Again, this code will work only with loops that are not nested. To handle nesting, we need to replace the above with code that uses a stack, for example:

		'(': { remember begin loop }
		    push_on_loop_stack( i );

		')': { code for end loop }
		    i := pop_from_loop_stack;

The stack used for pushing and popping loop start and end locations must not be the same stack that is used for pushing and popping the calculator's operands!

Conditionals

Loops without a loop exit mechanism are of only limited interest, so consider adding the following commands to the calculator:

Exit if equal zero - =

Exit if greater than zero - >

Exit if less than zero - <

The loop exit commands pop one element from the stack and compare it with zero. If the comparison is true, the loop is terminated. Their use is illustrated by the following examples:

     (E1=)   -- an infinite loop (1 = 0 is always false)
     (E1>)   -- an infinite loop (1 > 0 is always false)
     (E1<)   -- never iterates (1 < 0 is always true).

For a more interesting example, consider writing a calculator program that counts down to zero. In C, we could write this as follows:

	v = 5;
	for (;;) {
		printf( "%d ", v );
		if (v < 1) break;
		v = v - 1;
	}

Translating this to our calculator language gives:

	E5 ( DP D< E1- )

Spaces have been used to separate this into 6 blocks of calculator instructions, each of which corresponds exactly to one of the lines of the above C code!

How can we implement these loop exit commands in an interpretive implementation of our calculator? Consider using a simple search for the end of loop whenever a loop exit fails, and merging this with the first implementation of loops given above:

		'(': { ignore begin loop }

		')': { code for end loop }
		    repeat
			i := i - 1;
		    until s[i] = '(';

		'=': { code for compare on equal }
		    begin
			if stack[sp] = 0 then begin
			    { search for end loop }
			    repeat
				i := i + 1;
			    until s[i] = ')';
			end;
			sp := sp - 1;
		    end;

This code works only for non-nested loops! Adding support for nesting is trivial using the ideas discussed earlier and is left as an exercise.
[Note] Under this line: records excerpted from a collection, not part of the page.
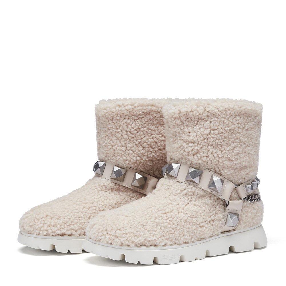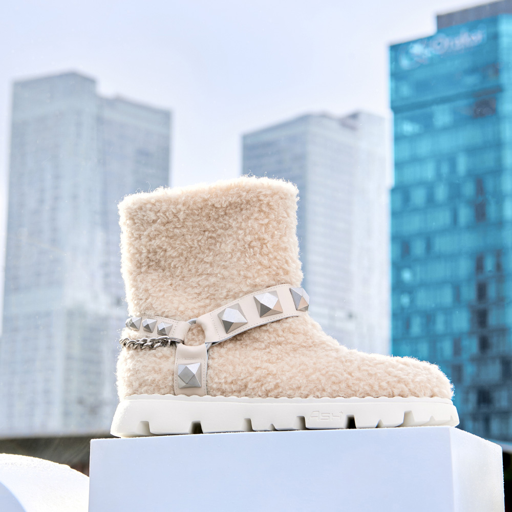 - 페이크퍼와 체인 콤비로 트렌디하면서도 이지한 무드의 퍼 부츠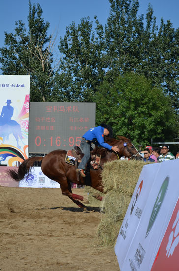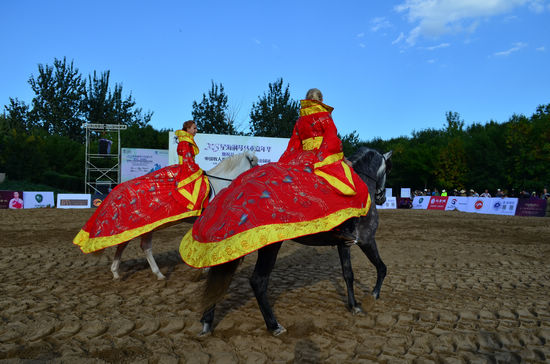 | 来自欧洲的美女骑师为现场观众表演精彩骑术 |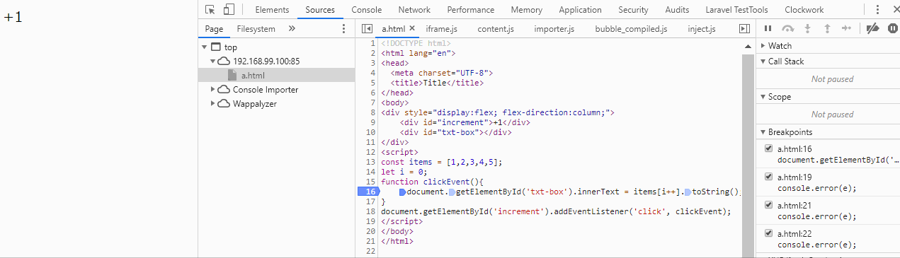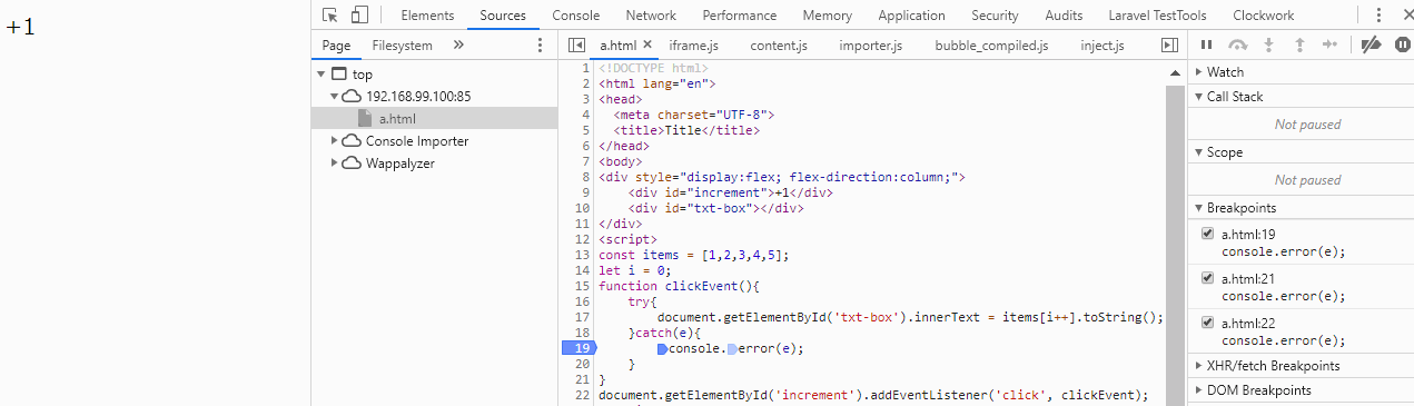 なぜエラーになるかを調べる時にブラウザ上のブレイクポイントが使えます。しかし、上プログラムの様にエラー原因となった行と同じ場所を何度も通るプログラムでブレイクポイントを進めるのは億劫です。どのくらい億劫かは次動画で示されます。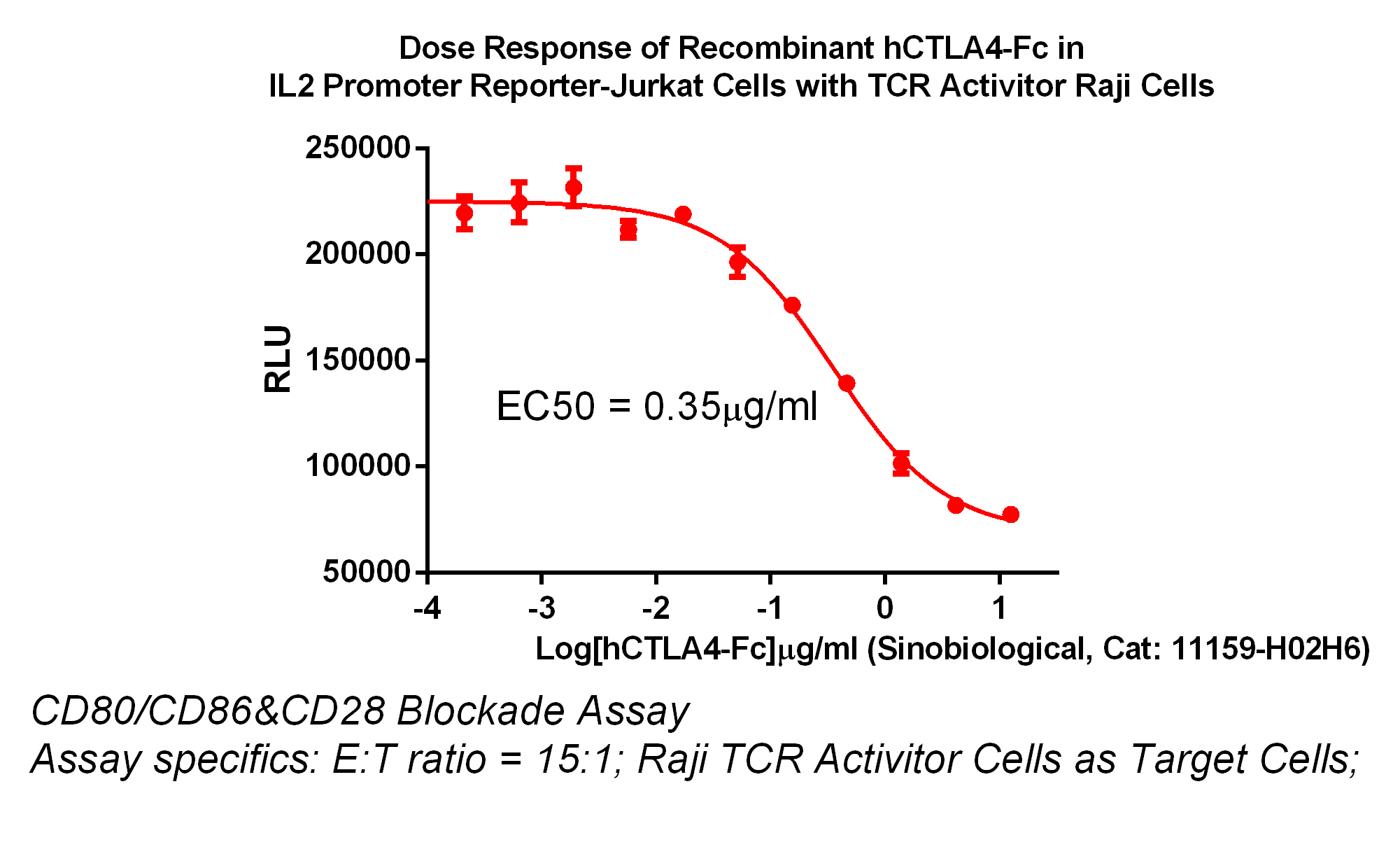 Figure 3. Dose Response of Recombinant hCTLA4-Fc in IL2 Promoter Reporter-Jurkat Cells with TCR Activitor Raji Cells.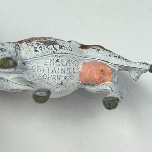 Britain's steer figure 1930s collectibles with this delightful. Carefully crafted in England, this lead toy captures the rustic beauty of farm life & showcasing brown spots and distinct craftsmanship. The vintage piece bears the hallmark of an era where toys were miniature works of art. This figure has weathered the years, showing gentle signs of wear.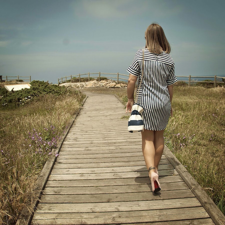 Aproveché para llenarme de rayas con éste vestido de Kling y mi bombonera marinera. Un look apropiado con inspiración Navy y toques en rosa. No se a vosotros pero a mi las rayas cada día me gustan más y año tras año siguen llenando nuestros armarios temporada tras temporada.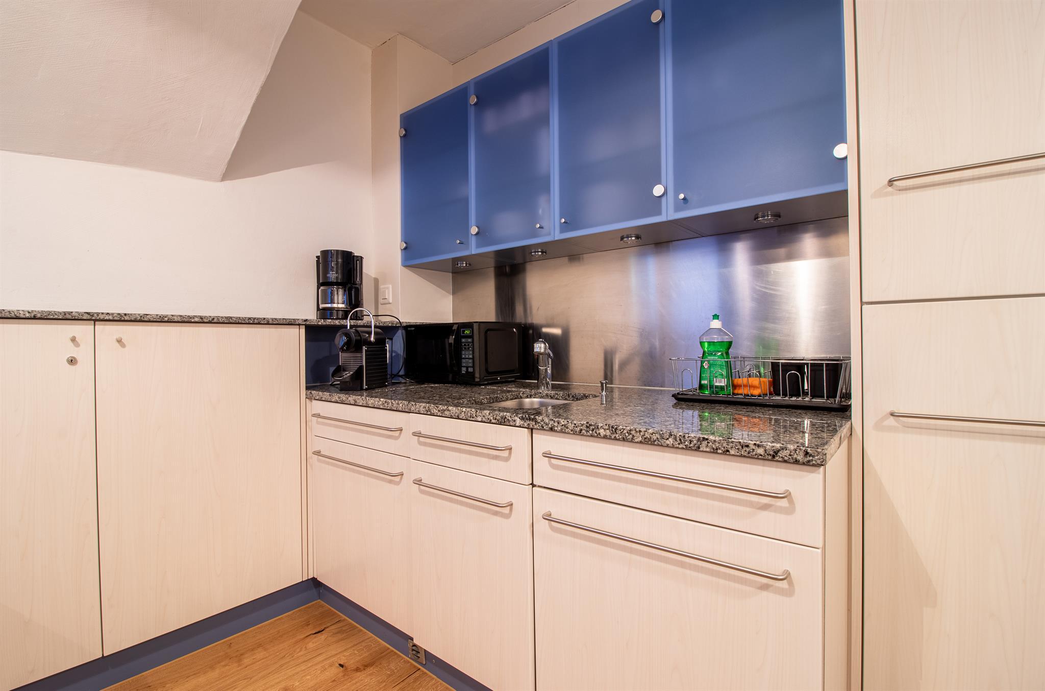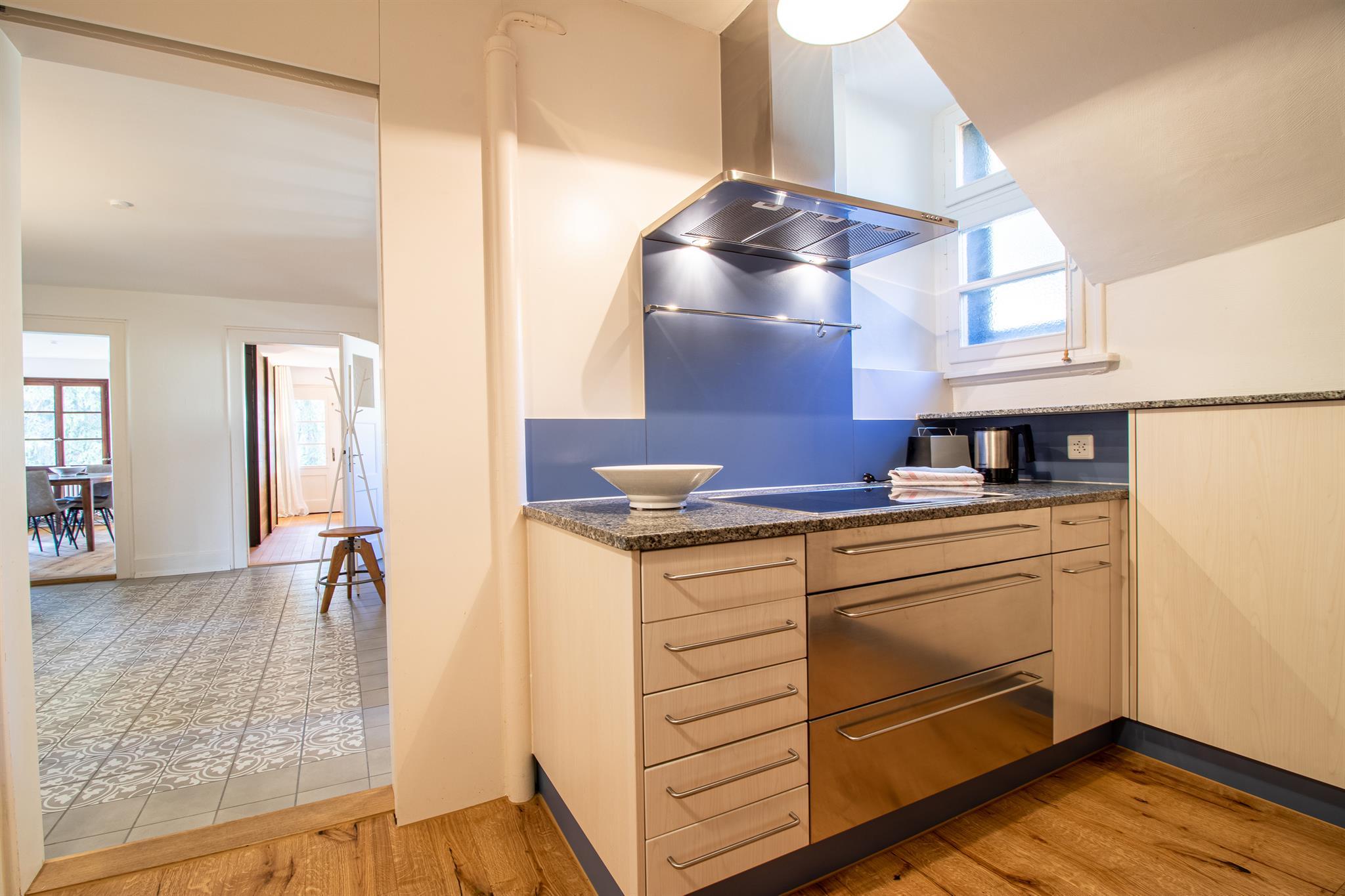 Separate, ausgestattete Küche mit kleinem Essbereich

But! This approach to loops is not efficient! It would be far better to scan the source line once, before trying to calculate what is going on, and build an auxiliary line that indicates, for each "branch" instruction, where on the source line that branch is to go. Consider the following:

         _______________________________________________________________
        |   |   |   |   |   |   |   |   |   |   |   |   |   |   |   |   |
Source: | E | 5 |   | ( |   | D | P |   | D | < |   | E | 1 | - |   | ) | 
        |___|___|___|___|___|___|___|___|___|___|___|___|___|___|___|___|
          0   1   2   3   4   5   6   7   8   9  10  11  12  13  14  15  
         _______________________________________________________________
        |   |   |   |   |   |   |   |   |   |   |   |   |   |   |   |   | 
Branch: |   |   |   |   |   |   |   |   |   | 16|   |   |   |   |   | 3 | 
        |___|___|___|___|___|___|___|___|___|___|___|___|___|___|___|___|

Here, the first scan of the source line produced the branch targets for the end-loop and the exit on less-than commands and stored these in the branch array. Then, while the calculator is actually calculating, all it needs to do when it finds that the command in Source[i] requires a branch is to set i to Branch[i].